## Work order
Could you repeat exactly the lines below, from the line containing "Fußbodenheizung, Fliesen, solide" through the last one, both included, while leaving out any pictures?

## Stored items
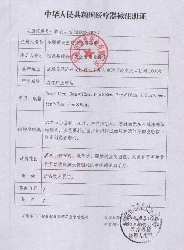 獒鼎金膏遠(yuǎn)紅外止痛貼適用于頸椎病、肩周炎、腰椎間盤突出癥、風(fēng)濕關(guān)節(jié)炎和骨關(guān)節(jié)或軟組織損傷引起的疼痛的輔助治療。外用,清潔患處后敷貼,撕開包裝袋,取出貼片,剝?nèi)シ蕾N層,將貼片對準(zhǔn)傷痛或疼痛部位,輕按整個貼片使之貼敷于皮膚上。每貼可持續(xù)使用12小時。
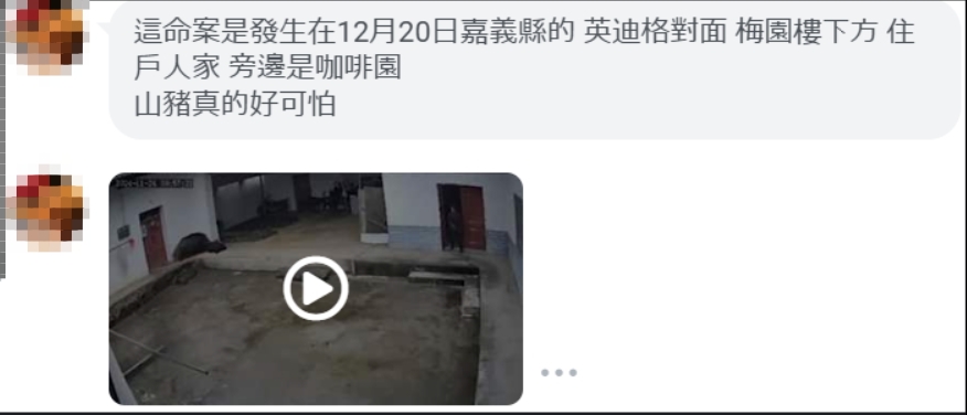 網傳「山豬真的好可怕」的影片及訊息,畫面是一頭野豬闖入民宅,並多次攻擊老婦的影片,內容聲稱是 12 月 20 日發生在嘉義縣阿里山公路附近咖啡園的事件。經查證,網傳影片實際發生地點在中國陝西省安康市嵐皋縣佐龍鎮黃興村,當地時間 11 月 24 日,一頭野豬為了躲避獵犬追捕,闖入一處民宅,聽到聲響後,屋內一名 76歲婦人外出查看,結果慘遭野豬攻擊,送醫後不治身亡,該起事件並非發生在台灣,日期也不是 12 月 20 日,網傳訊息不正確。
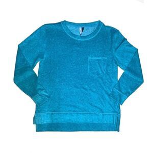 Mulane fair isle white prism pink two piece pajama set. Long sleeve top. Crewneck. Left chest pocket. Side slit hem. Printed bottoms with drawstring waist. Side pockets. Banded hem. 95% polyester/5% spandex. Size: small. NWT.
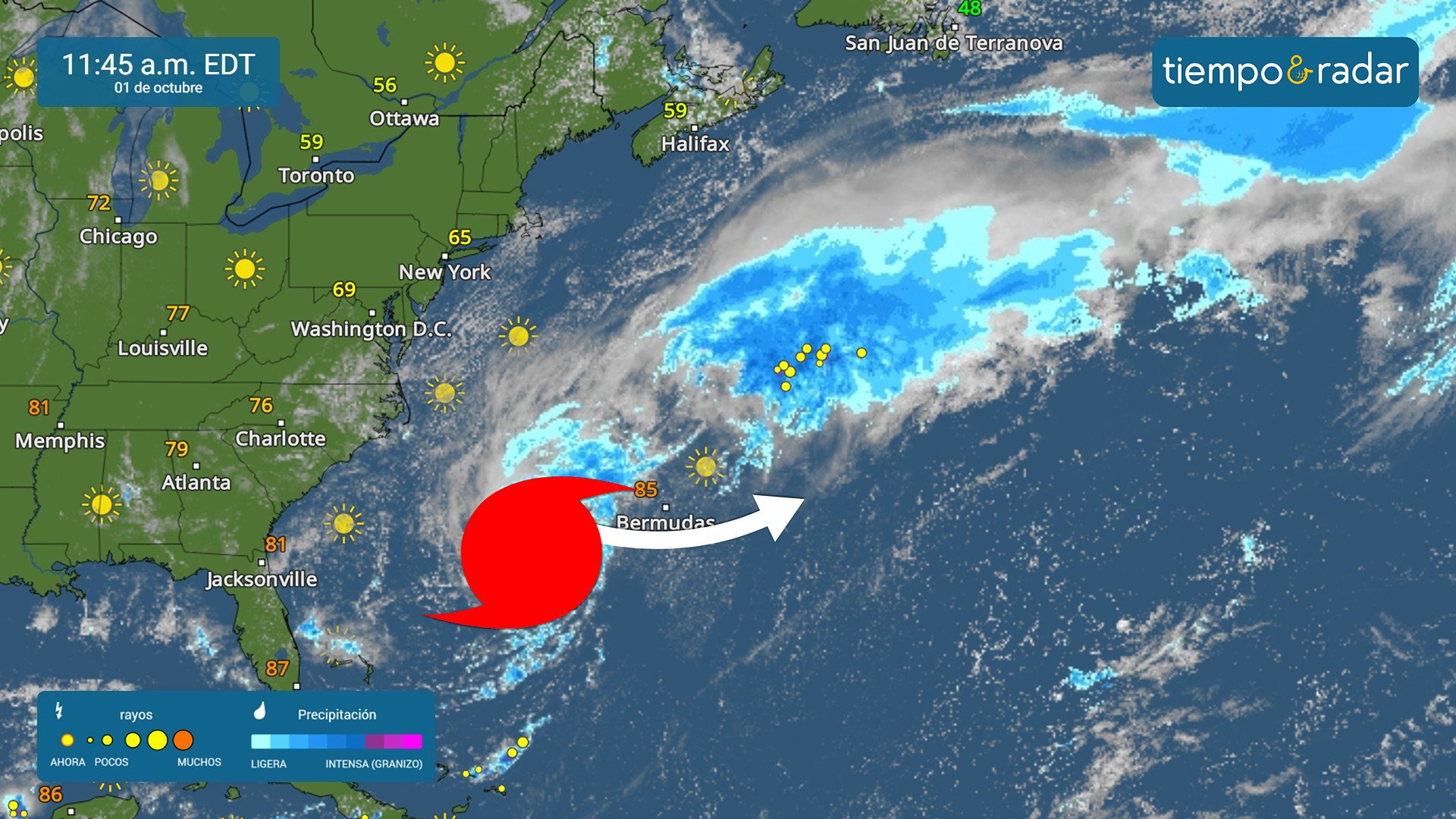 Imelda pasará sobre el sur de Bermuda, muy cerca. Vientos, oleaje, marejada y fuertes lluvias.
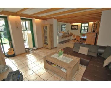 Fußbodenheizung, Fliesen, solide einbruchsichere Merantifenster, Fernwärme, Fassade in Feldbrand Verblendmauerwerk, Außenwände in Kalksandstein, tragende Innenwände in Kalksandstein, nicht tragende Wände in Ständerwerk/Gipskartonplatten, Decken in Stahlbeton örtlich vergossen und unterseitig verputzt, Wohnzimmer EG Dekobalkenlage im Deckenbereich, Tonpfannendach, massive Außentüren in Eiche u. Metall, exkl. Einbauküchen, Dachgeschoßbereiche in sichtbaren Sparren, 4 Garagen, 2 Carports, 7 PKW Stellplätze, robustes individuell geschmiedetes Eingangstor, bunter großzügiger Garten mit zahlreichen Gestaltungsmöglichkeiten, Schwimmteich, Sauna, Aufenthaltsraum, optionale Pferdehaltung, nahe liegende Pferdeweide, ca. 3,3 Ha Pferdewiesen können dazu gepachtet werden, Photovoltaikanlage 7,4 kWp aus 2005, verkauft werden die Wohnungen möbliert
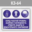 Знак «Перед работой проверь: наличие и исправность средств защиты и спасательного снаряжения», КЗ-64 (металл, 600х400 мм)
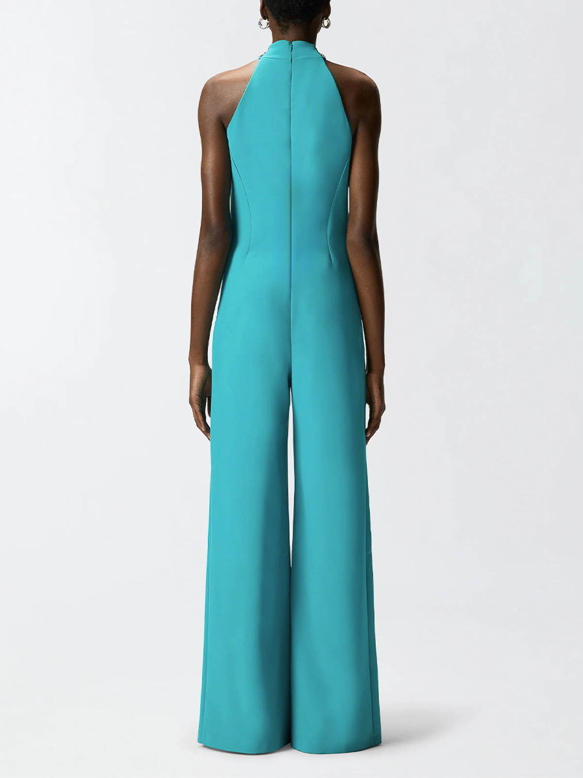 Langer Jumpsuit mit Neckholder und Pinko-Schmuckdetail mit geradem Hosenbein aus technischem Canvas-Gewebe und gefüttert mit leichtem Georgette, ärmelloses Top mit einem raffinierten Neckholder-Ausschnitt verziert mit einem dezenten senkrechten Ausschnitt an der Vorderseite und

## Output of the exercise
 Fußbodenheizung, Fliesen, solide einbruchsichere Merantifenster, Fernwärme, Fassade in Feldbrand Verblendmauerwerk, Außenwände in Kalksandstein, tragende Innenwände in Kalksandstein, nicht tragende Wände in Ständerwerk/Gipskartonplatten, Decken in Stahlbeton örtlich vergossen und unterseitig verputzt, Wohnzimmer EG Dekobalkenlage im Deckenbereich, Tonpfannendach, massive Außentüren in Eiche u. Metall, exkl. Einbauküchen, Dachgeschoßbereiche in sichtbaren Sparren, 4 Garagen, 2 Carports, 7 PKW Stellplätze, robustes individuell geschmiedetes Eingangstor, bunter großzügiger Garten mit zahlreichen Gestaltungsmöglichkeiten, Schwimmteich, Sauna, Aufenthaltsraum, optionale Pferdehaltung, nahe liegende Pferdeweide, ca. 3,3 Ha Pferdewiesen können dazu gepachtet werden, Photovoltaikanlage 7,4 kWp aus 2005, verkauft werden die Wohnungen möbliert
 Знак «Перед работой проверь: наличие и исправность средств защиты и спасательного снаряжения», КЗ-64 (металл, 600х400 мм)
 Langer Jumpsuit mit Neckholder und Pinko-Schmuckdetail mit geradem Hosenbein aus technischem Canvas-Gewebe und gefüttert mit leichtem Georgette, ärmelloses Top mit einem raffinierten Neckholder-Ausschnitt verziert mit einem dezenten senkrechten Ausschnitt an der Vorderseite und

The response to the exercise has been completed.